Lectures, with lecture notes made available Lab 
13 
Revision and Group Presentations


Assessment
Coursework 100 %
This course will be assessed completely via 4 individual assignments and one group project. Each assignment and project will involve both theoretical and computer based problems.
Individual Assignments (4) – 60%
Four homework assignments will be given, collected and graded throughout the semester.

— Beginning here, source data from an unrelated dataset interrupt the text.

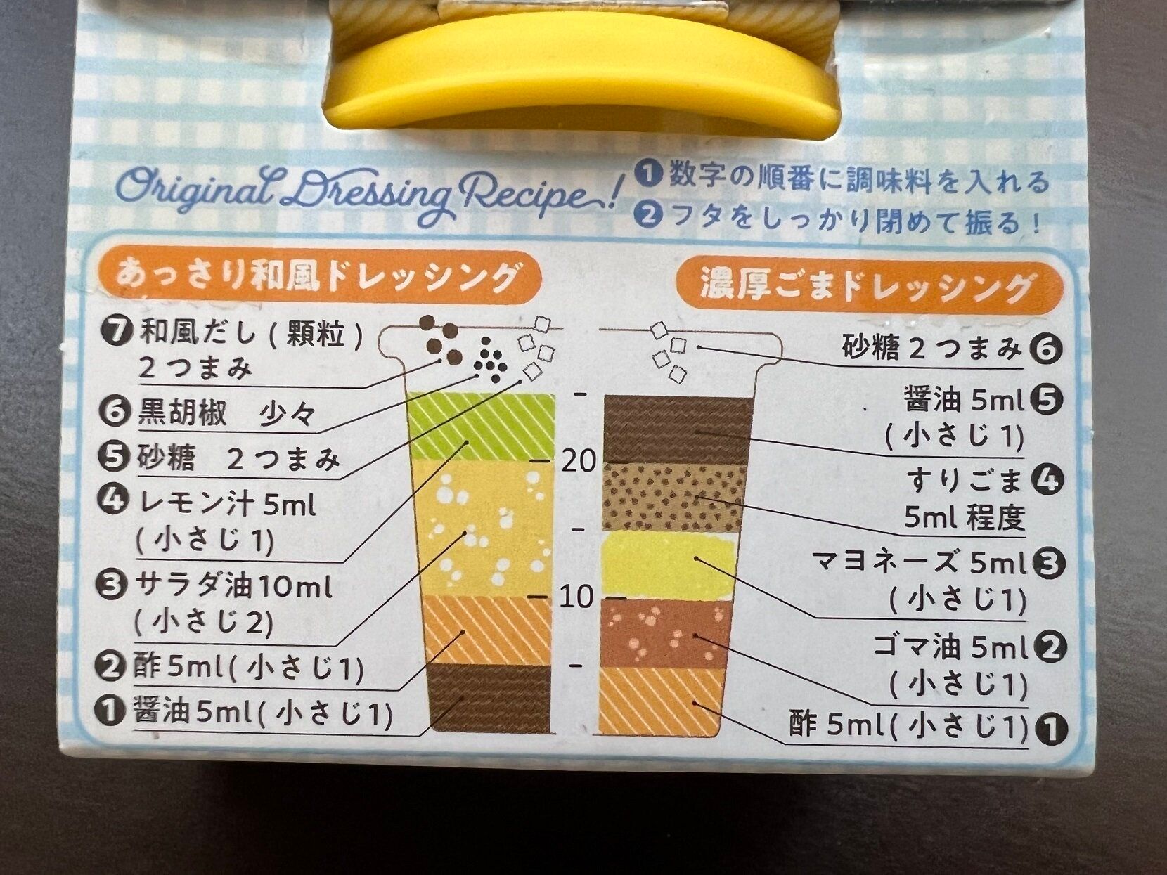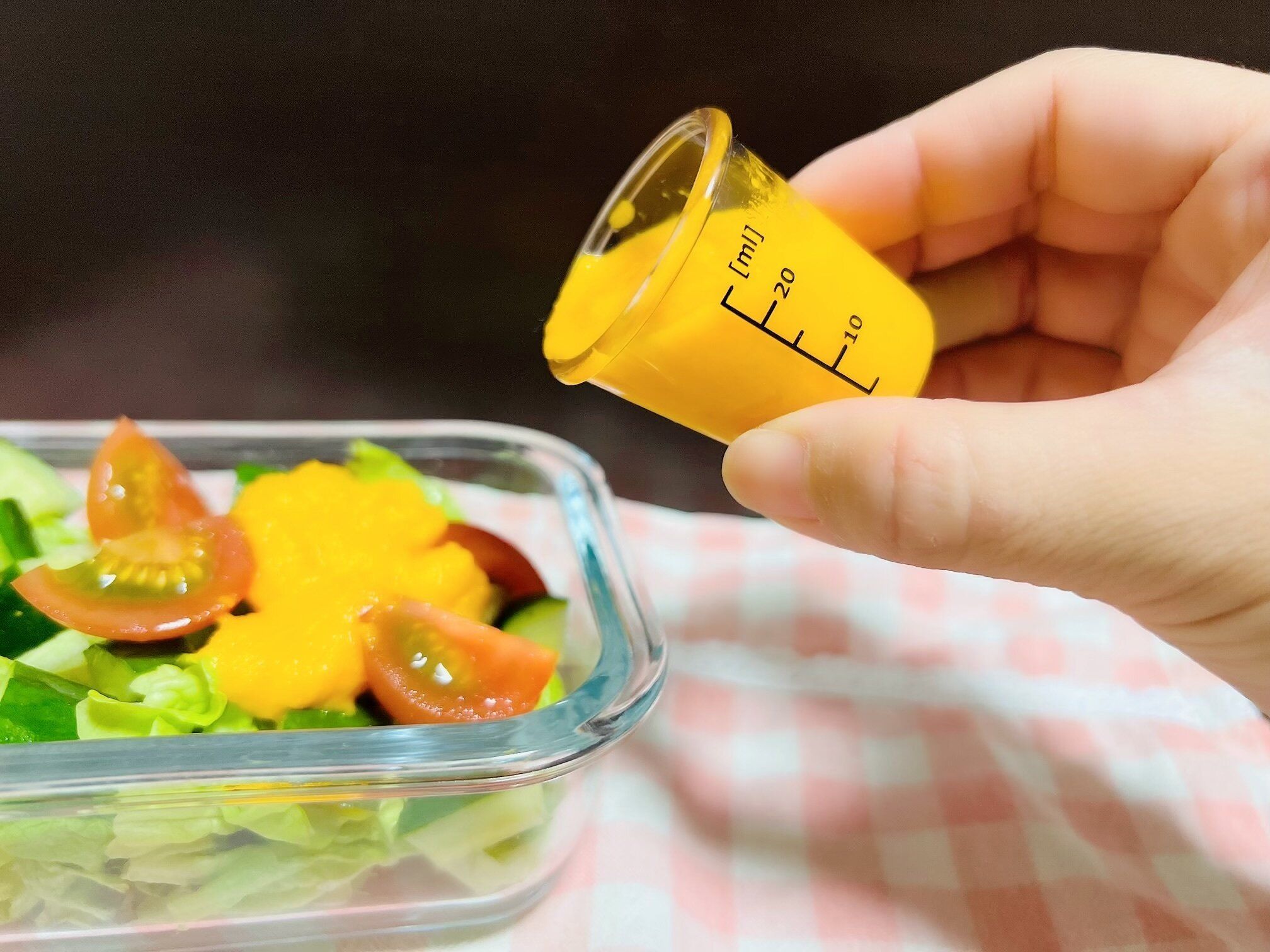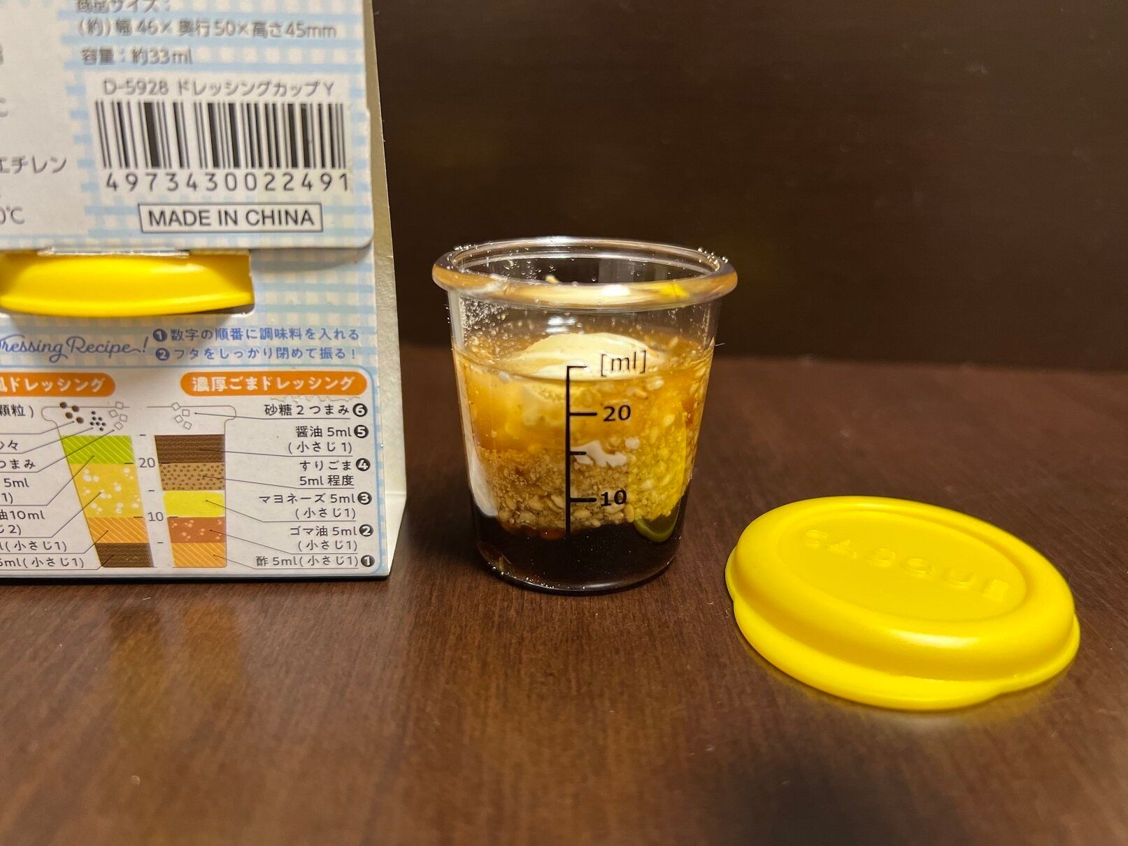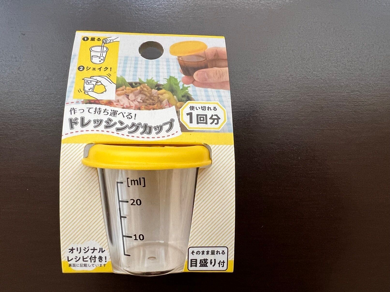 ダイソーの「ドレッシングカップ」はこれひとつでドレッシングを量って、混ぜて、持ち運べる便利なアイテムです。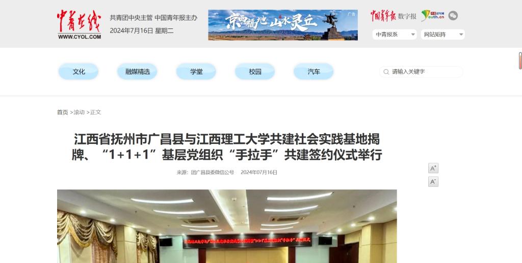 7月15日,金年会体育与广昌县共建社会实践基地揭牌、“1+1+1”基层党组织“手拉手”共建签约仪式举行,县委书记吴自胜,江西理工大金年会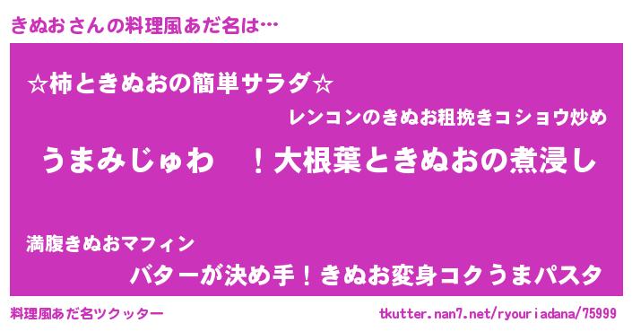 | 女子向けラノベタイトル風あだ名 | 『きぬおの婚約者』『きぬお恋絵巻』 |

While discussion of the homework is allowed, you must prepare your solutions separately. Direct copying of written work or computer code is considered cheating and will result in a zero on the assignment. Assignments are worth 60% of the course grade.
Group Project (1) – 40%
Each student will be required to do a group project during the second half of the semester. The minimum group size is 3, however larger groups are encouraged. The topics will vary and can be discussed with the instructor. The groups will be required to present their project in class on last week of classes. Full details will be given around class session four. The project is worth 40% of the course grade.
Resource requirements
The statistical computing lab already has Stata and Matlab. Open source statistical software such as R, Winbugs and Openbugs will be used as far as possible.
PRESCRIBED TEXTS AND READING MATERIALS
Required reading
Computational Statistics, by G. H. Givens and J. A. Hoeting, (Wiley 2005).
Statistical Computing with R by M. Rizzo, Chapman and Hall
Recommended reading
Hastie, T., Tibshirani, R. and Friedman J. 2009. Elements of Statistical Learning Springer.